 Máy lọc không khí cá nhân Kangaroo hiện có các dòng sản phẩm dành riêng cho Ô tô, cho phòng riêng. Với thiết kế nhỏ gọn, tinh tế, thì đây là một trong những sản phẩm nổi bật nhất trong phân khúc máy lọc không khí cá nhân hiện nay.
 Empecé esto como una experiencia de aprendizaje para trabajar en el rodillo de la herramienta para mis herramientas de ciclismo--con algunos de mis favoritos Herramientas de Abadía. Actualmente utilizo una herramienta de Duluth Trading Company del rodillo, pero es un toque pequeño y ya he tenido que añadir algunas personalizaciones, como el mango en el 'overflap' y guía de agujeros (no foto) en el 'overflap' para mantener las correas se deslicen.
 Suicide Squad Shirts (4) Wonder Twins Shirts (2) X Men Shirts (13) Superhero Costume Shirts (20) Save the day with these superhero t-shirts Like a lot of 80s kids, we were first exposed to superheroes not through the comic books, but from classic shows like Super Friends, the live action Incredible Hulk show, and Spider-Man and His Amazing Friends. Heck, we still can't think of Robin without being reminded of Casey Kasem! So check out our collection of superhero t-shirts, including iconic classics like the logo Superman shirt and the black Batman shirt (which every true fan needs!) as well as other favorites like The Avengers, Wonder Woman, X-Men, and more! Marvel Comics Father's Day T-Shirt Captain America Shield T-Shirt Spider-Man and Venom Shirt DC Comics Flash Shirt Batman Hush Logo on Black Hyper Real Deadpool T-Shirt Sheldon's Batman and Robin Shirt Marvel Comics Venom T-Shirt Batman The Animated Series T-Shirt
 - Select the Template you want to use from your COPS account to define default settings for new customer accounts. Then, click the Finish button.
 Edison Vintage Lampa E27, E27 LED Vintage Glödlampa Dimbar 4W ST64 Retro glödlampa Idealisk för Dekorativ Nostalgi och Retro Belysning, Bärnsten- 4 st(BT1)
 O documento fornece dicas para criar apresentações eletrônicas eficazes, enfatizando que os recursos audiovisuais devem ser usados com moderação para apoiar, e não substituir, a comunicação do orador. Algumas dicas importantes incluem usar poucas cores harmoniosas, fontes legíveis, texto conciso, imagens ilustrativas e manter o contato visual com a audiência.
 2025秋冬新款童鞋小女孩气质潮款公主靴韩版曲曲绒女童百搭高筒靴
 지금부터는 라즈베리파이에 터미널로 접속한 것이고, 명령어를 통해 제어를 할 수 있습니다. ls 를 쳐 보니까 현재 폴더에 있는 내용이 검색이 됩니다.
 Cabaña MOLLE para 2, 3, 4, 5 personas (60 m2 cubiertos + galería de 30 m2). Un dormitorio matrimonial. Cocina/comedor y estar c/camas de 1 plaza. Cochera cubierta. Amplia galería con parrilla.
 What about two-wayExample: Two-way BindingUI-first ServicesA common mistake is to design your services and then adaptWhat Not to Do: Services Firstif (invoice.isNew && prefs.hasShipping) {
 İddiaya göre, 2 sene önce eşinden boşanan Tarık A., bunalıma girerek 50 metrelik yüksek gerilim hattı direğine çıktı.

##############################

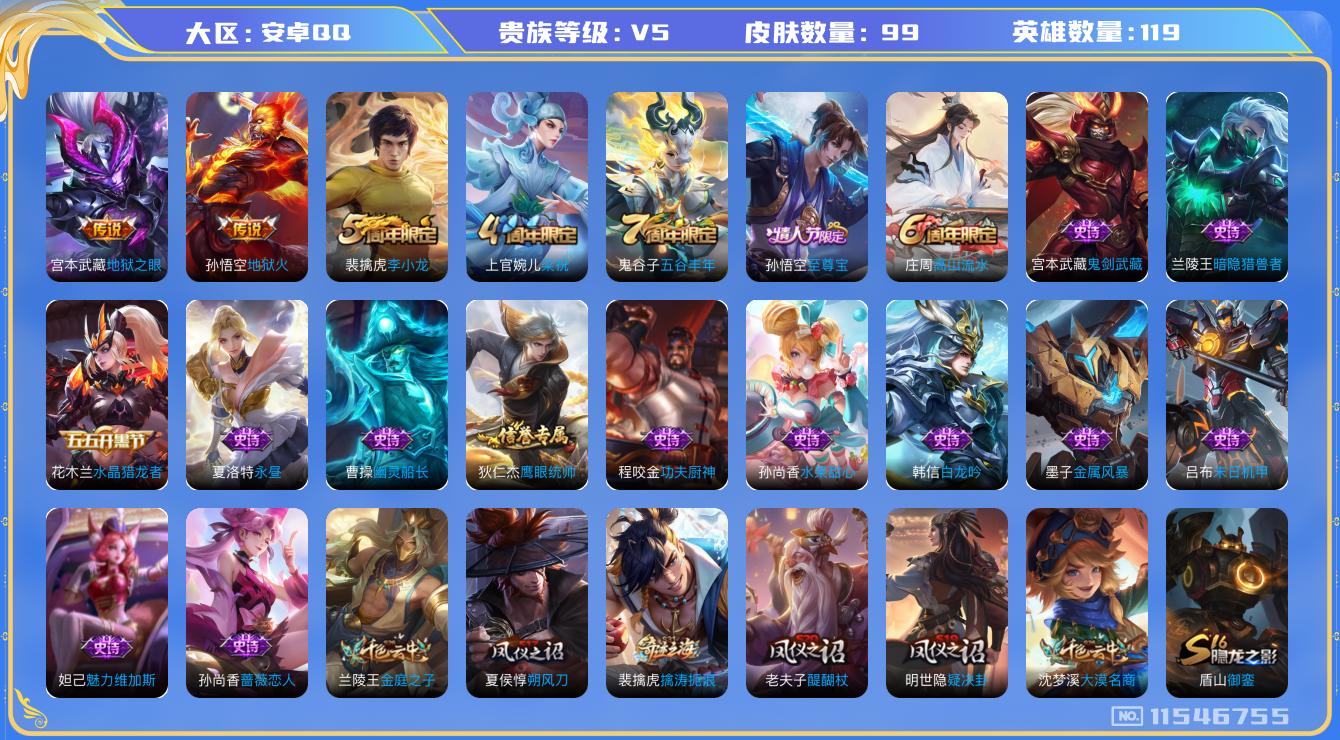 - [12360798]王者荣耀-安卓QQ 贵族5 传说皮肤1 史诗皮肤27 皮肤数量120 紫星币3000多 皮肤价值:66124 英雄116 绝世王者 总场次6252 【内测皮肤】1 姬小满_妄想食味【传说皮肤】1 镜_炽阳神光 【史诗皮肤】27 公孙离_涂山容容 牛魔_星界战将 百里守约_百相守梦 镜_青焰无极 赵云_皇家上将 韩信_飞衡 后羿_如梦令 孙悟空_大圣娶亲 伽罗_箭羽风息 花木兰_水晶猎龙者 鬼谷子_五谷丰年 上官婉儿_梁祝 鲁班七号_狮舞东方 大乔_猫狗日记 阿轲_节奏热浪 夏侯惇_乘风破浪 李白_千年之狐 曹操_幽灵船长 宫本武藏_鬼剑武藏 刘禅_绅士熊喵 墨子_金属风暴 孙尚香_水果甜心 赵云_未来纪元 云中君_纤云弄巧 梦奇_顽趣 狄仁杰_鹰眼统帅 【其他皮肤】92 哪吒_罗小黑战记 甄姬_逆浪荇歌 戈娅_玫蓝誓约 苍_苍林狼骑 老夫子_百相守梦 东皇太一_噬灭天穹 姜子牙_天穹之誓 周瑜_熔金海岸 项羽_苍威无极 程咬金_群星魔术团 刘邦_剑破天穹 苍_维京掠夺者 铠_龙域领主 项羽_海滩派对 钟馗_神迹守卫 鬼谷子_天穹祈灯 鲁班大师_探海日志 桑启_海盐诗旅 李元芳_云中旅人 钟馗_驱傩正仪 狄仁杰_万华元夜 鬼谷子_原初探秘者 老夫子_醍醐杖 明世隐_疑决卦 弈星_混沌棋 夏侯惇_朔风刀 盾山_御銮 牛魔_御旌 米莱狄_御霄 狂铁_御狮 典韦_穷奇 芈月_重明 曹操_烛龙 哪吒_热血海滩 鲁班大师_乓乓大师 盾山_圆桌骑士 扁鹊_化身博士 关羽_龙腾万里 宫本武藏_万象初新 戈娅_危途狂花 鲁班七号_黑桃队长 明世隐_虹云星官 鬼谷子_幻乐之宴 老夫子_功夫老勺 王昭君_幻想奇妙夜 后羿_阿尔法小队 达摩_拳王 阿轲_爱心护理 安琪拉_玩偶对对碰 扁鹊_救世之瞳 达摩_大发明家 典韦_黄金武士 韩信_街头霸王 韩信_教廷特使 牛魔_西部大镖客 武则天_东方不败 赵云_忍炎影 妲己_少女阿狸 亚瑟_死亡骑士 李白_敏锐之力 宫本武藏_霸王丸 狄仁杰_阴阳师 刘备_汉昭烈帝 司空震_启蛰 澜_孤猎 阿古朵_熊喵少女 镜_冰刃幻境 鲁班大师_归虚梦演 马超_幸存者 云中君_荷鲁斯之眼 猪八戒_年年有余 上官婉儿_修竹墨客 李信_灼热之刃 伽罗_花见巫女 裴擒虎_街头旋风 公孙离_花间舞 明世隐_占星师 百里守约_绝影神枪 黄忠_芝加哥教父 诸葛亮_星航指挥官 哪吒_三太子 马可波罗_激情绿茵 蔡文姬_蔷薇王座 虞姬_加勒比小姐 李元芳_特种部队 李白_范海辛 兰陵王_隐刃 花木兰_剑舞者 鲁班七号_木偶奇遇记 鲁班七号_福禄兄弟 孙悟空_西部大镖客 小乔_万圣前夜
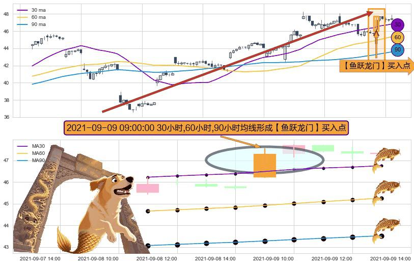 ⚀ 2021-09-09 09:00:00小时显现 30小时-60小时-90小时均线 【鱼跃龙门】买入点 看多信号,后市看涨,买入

##############################

Exercise ▸ The response should be the listing above, limited to the lines between the one holding "2025秋冬新款童鞋小女孩气质潮款公主靴韩版曲曲绒女童百搭高筒靴" and the one holding "지금부터는 라즈베리파이에 터미널로", inclusive, reproduced exactly.

Result below ▸
 2025秋冬新款童鞋小女孩气质潮款公主靴韩版曲曲绒女童百搭高筒靴
 지금부터는 라즈베리파이에 터미널로 접속한 것이고, 명령어를 통해 제어를 할 수 있습니다. ls 를 쳐 보니까 현재 폴더에 있는 내용이 검색이 됩니다.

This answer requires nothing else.